● INFORMATION PROVIDED
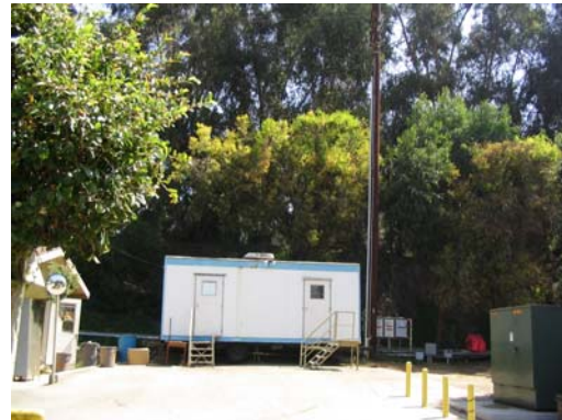
Microturbines will be installed downhill from a residential neighborhood at Sansinena Site 3.
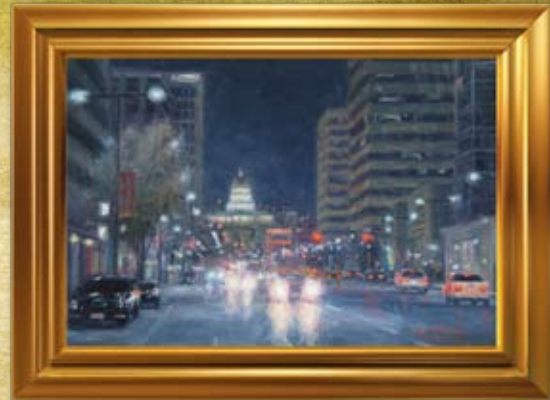
Bryan Mark Taylor North on State Size: 24" x 36" Medium: Oil on Canvas

The Gateway Aesthetic Institute features an extensive collection of original art available for sale. While many of the pieces hang in public view in our waiting rooms, an appointment is necessary to view additional art displayed in our private clinical rooms. To schedule an appointment, please call (801) 595-1600.
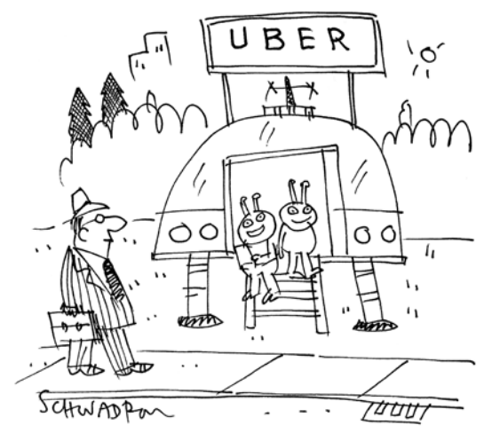
"Space exploration has gotten easier now!

● PROMPT
Repeat the listing word for word, and skip every picture it contains.

● TASK ANSWER
Microturbines will be installed downhill from a residential neighborhood at Sansinena Site 3.
Bryan Mark Taylor North on State Size: 24" x 36" Medium: Oil on Canvas

The Gateway Aesthetic Institute features an extensive collection of original art available for sale. While many of the pieces hang in public view in our waiting rooms, an appointment is necessary to view additional art displayed in our private clinical rooms. To schedule an appointment, please call (801) 595-1600.
"Space exploration has gotten easier now!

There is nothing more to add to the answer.